Provided data:
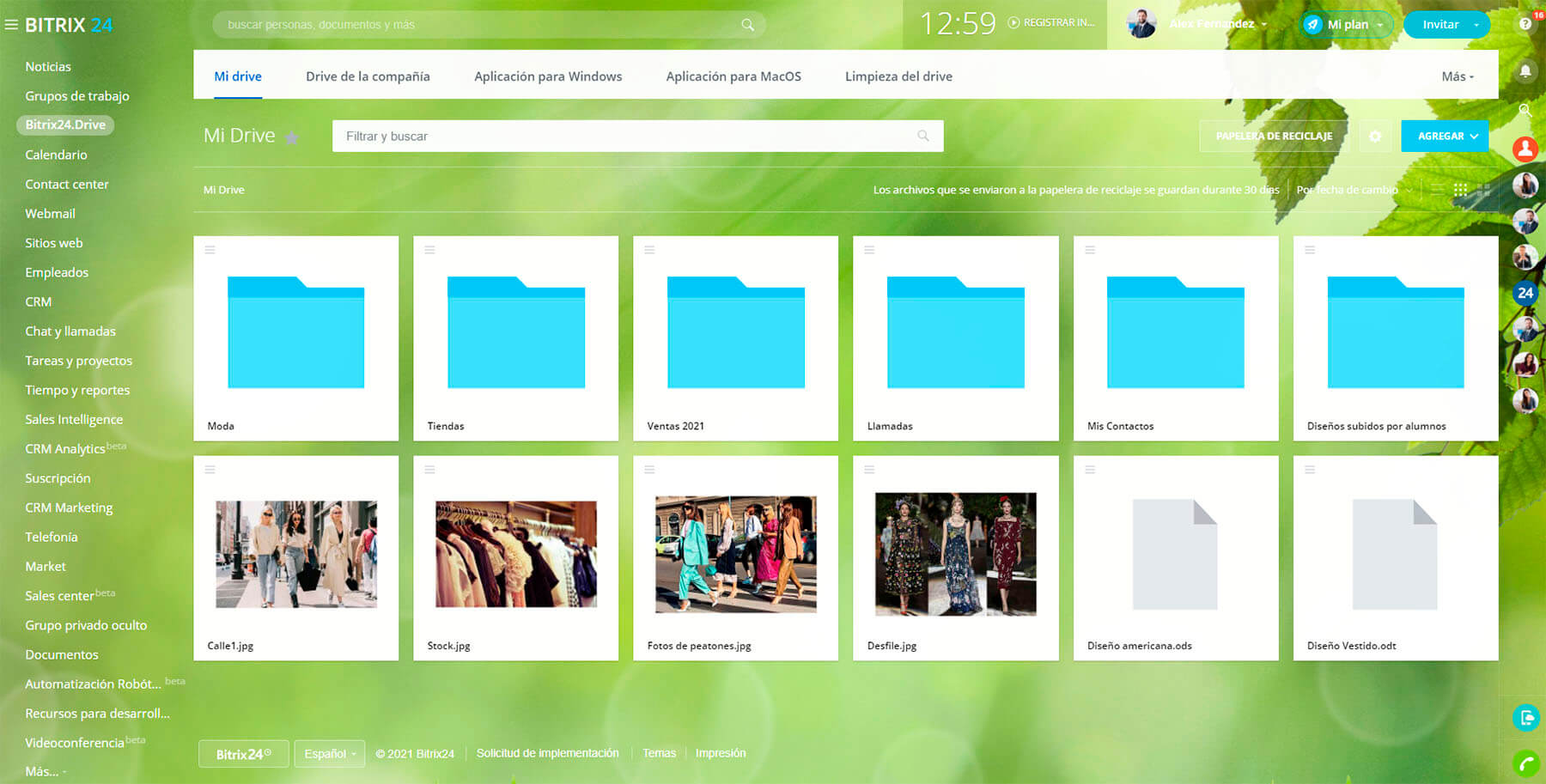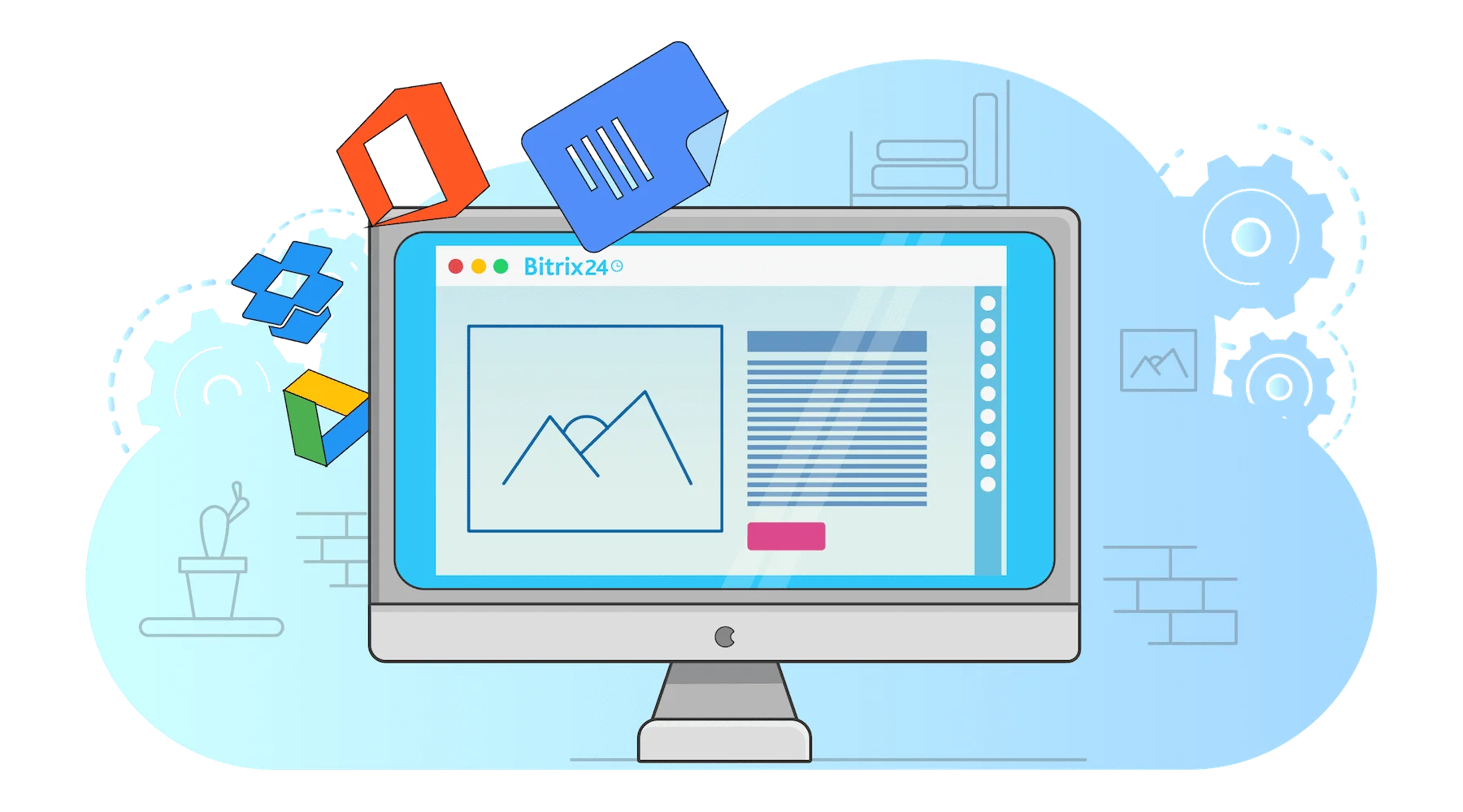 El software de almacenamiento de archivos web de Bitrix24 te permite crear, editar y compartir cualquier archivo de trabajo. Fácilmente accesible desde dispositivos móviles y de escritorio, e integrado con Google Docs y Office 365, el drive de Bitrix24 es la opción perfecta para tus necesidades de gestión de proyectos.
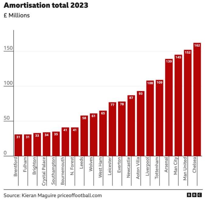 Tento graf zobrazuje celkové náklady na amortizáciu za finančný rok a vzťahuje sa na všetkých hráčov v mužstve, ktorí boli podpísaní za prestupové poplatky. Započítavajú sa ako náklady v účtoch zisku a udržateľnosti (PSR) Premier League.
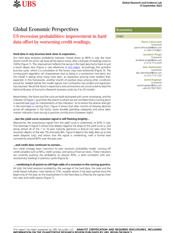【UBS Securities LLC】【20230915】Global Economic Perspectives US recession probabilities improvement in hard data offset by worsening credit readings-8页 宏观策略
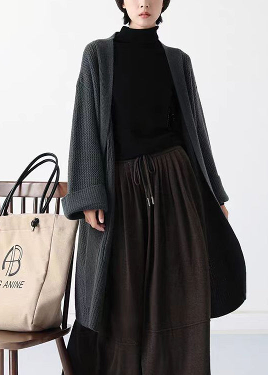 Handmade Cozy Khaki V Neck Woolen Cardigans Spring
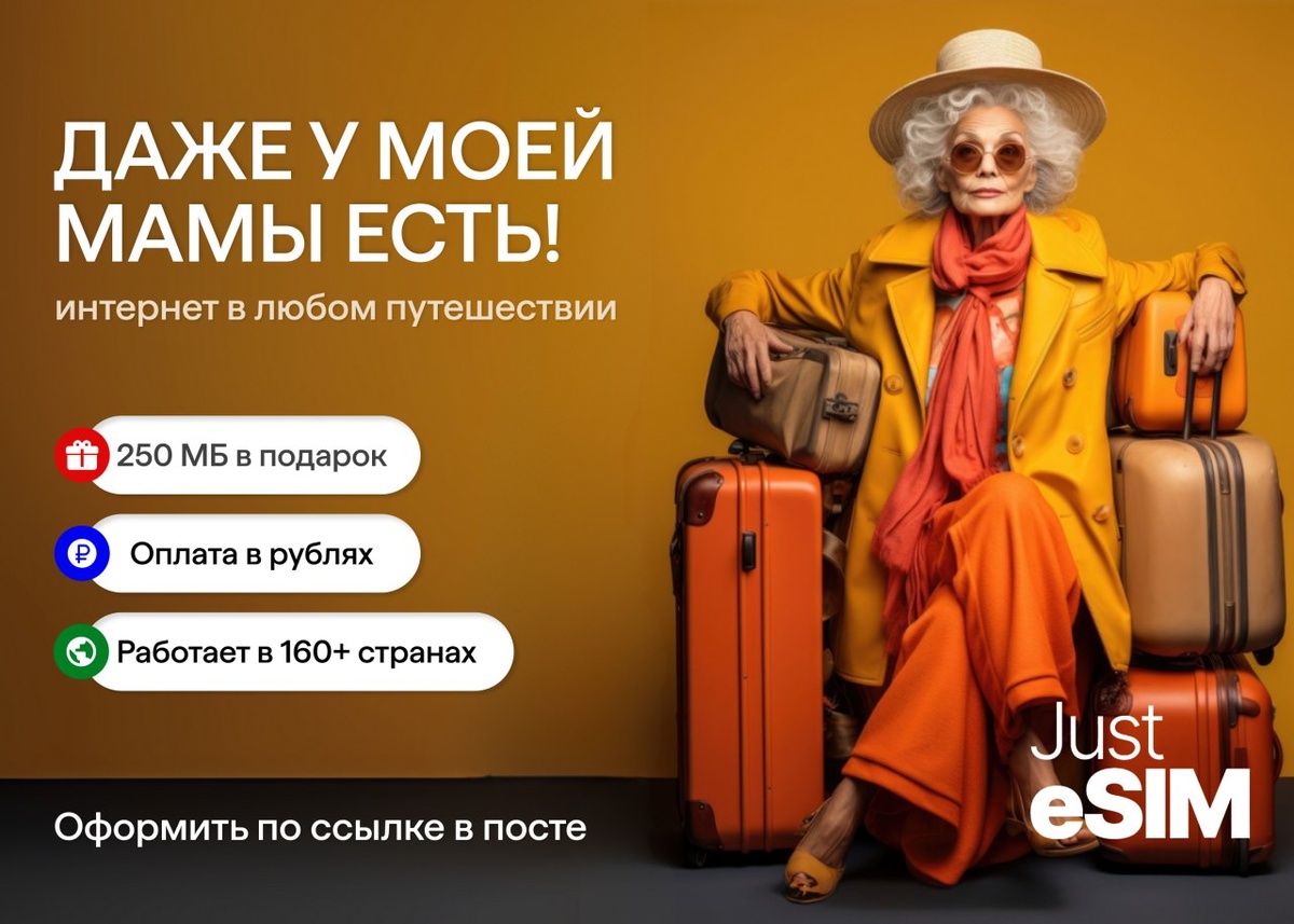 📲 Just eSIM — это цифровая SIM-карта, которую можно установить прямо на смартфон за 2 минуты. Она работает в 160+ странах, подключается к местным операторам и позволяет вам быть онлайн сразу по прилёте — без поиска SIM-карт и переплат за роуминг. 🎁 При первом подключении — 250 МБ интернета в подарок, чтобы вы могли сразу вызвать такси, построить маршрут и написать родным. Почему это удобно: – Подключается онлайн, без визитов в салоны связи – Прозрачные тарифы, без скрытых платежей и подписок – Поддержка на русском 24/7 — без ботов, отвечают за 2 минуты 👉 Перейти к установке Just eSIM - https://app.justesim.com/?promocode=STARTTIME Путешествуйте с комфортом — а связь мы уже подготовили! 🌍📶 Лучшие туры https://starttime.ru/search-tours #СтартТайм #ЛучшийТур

==

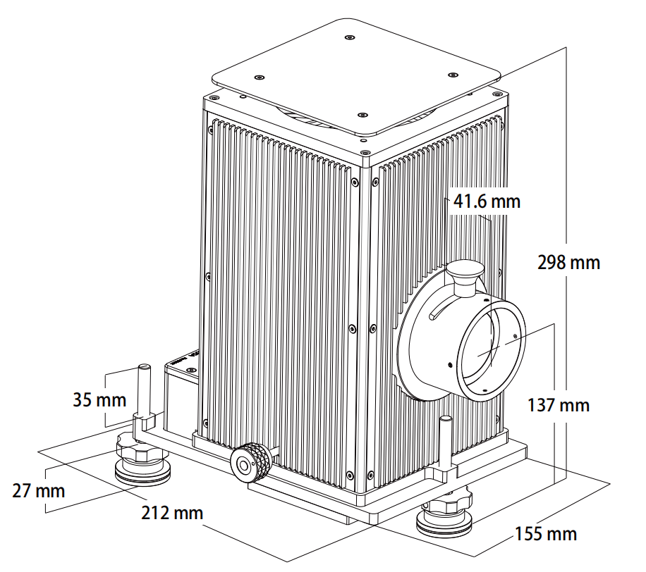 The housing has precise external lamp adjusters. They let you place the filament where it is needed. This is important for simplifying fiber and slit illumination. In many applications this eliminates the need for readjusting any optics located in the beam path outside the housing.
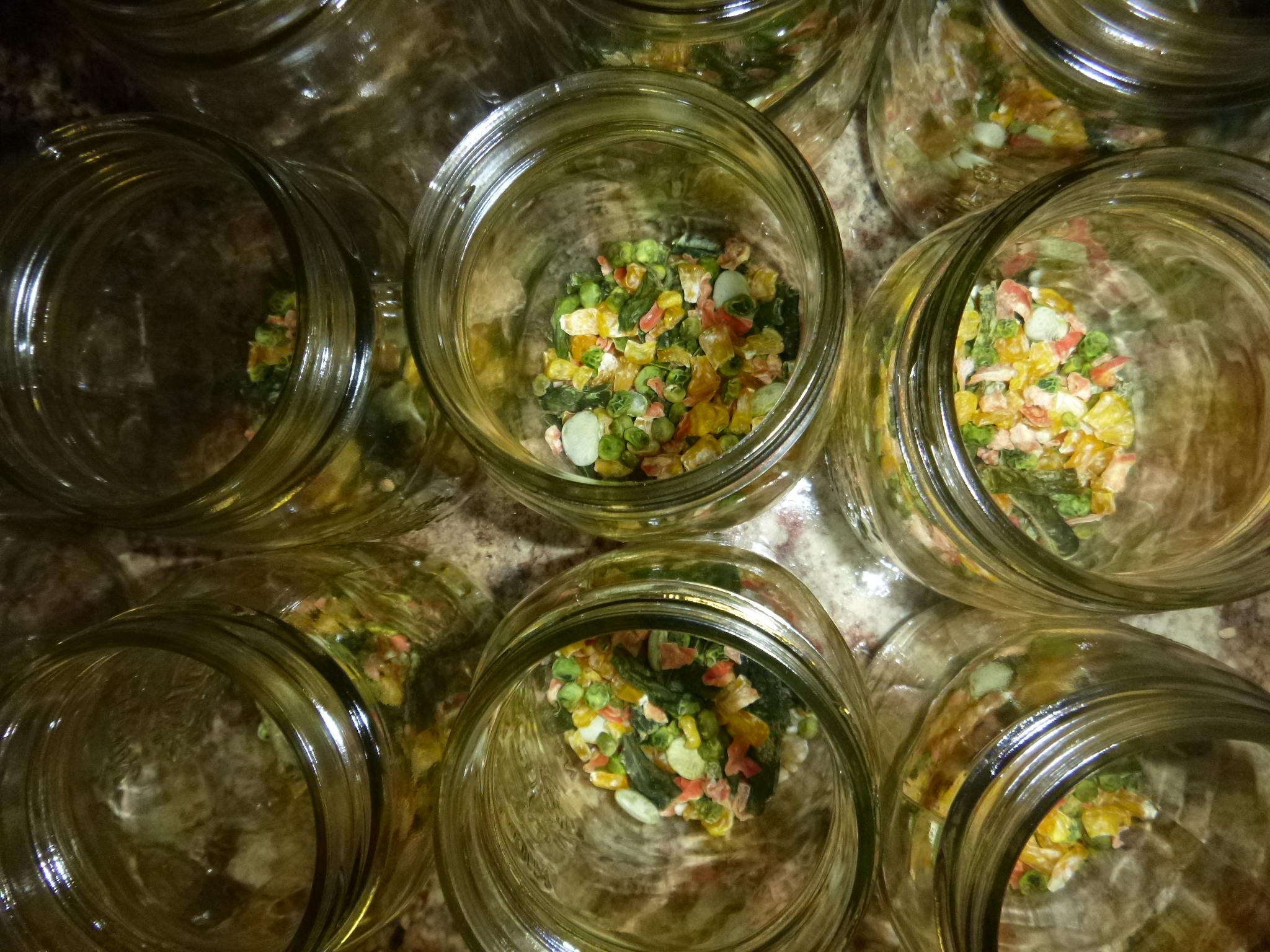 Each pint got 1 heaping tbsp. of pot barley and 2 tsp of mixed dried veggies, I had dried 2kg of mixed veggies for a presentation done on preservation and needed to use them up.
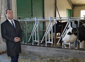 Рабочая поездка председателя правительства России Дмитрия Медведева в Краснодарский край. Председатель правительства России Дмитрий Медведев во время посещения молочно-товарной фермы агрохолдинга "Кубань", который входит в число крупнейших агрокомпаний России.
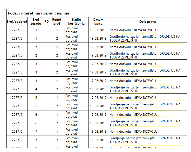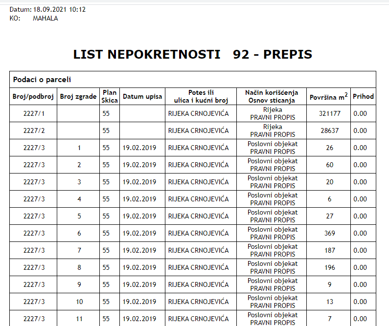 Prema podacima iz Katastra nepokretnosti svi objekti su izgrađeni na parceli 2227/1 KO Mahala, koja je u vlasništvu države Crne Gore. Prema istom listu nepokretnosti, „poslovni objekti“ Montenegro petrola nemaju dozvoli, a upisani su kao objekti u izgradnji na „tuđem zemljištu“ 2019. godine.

To do: Without the pictures, give again exactly the lines above starting at the line containing "Tento graf zobrazuje" and ending at the line containing "Handmade Cozy Khaki".

Reply:
 Tento graf zobrazuje celkové náklady na amortizáciu za finančný rok a vzťahuje sa na všetkých hráčov v mužstve, ktorí boli podpísaní za prestupové poplatky. Započítavajú sa ako náklady v účtoch zisku a udržateľnosti (PSR) Premier League.
【UBS Securities LLC】【20230915】Global Economic Perspectives US recession probabilities improvement in hard data offset by worsening credit readings-8页 宏观策略
 Handmade Cozy Khaki V Neck Woolen Cardigans Spring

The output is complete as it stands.